WHAT YOU SHOULD DO: Below this sentence is a listing; return exactly its lines from the one with "Подходяща възраст: 3+" to the one with "國六寬體江鈴凱運4米2冷藏車", both kept, and nothing more.

PROVIDED INFORMATION:

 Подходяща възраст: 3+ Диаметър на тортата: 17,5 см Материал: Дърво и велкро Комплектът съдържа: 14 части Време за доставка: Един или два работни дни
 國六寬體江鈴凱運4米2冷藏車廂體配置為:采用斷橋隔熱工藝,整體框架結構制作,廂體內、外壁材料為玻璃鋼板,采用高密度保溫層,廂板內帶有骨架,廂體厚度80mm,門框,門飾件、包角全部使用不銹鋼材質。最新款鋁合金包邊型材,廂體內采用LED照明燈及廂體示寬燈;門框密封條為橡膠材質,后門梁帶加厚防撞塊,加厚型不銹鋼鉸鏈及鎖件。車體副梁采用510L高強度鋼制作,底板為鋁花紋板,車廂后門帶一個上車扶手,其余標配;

--

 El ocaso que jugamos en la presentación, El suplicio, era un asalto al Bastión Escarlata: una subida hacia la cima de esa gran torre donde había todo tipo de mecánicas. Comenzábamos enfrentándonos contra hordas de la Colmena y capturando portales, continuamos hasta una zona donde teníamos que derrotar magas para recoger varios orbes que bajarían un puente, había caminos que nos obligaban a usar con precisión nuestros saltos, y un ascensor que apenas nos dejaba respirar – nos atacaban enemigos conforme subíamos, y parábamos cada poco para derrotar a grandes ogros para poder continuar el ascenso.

EXERCISE RESULT:
 Подходяща възраст: 3+ Диаметър на тортата: 17,5 см Материал: Дърво и велкро Комплектът съдържа: 14 части Време за доставка: Един или два работни дни
 國六寬體江鈴凱運4米2冷藏車廂體配置為:采用斷橋隔熱工藝,整體框架結構制作,廂體內、外壁材料為玻璃鋼板,采用高密度保溫層,廂板內帶有骨架,廂體厚度80mm,門框,門飾件、包角全部使用不銹鋼材質。最新款鋁合金包邊型材,廂體內采用LED照明燈及廂體示寬燈;門框密封條為橡膠材質,后門梁帶加厚防撞塊,加厚型不銹鋼鉸鏈及鎖件。車體副梁采用510L高強度鋼制作,底板為鋁花紋板,車廂后門帶一個上車扶手,其余標配;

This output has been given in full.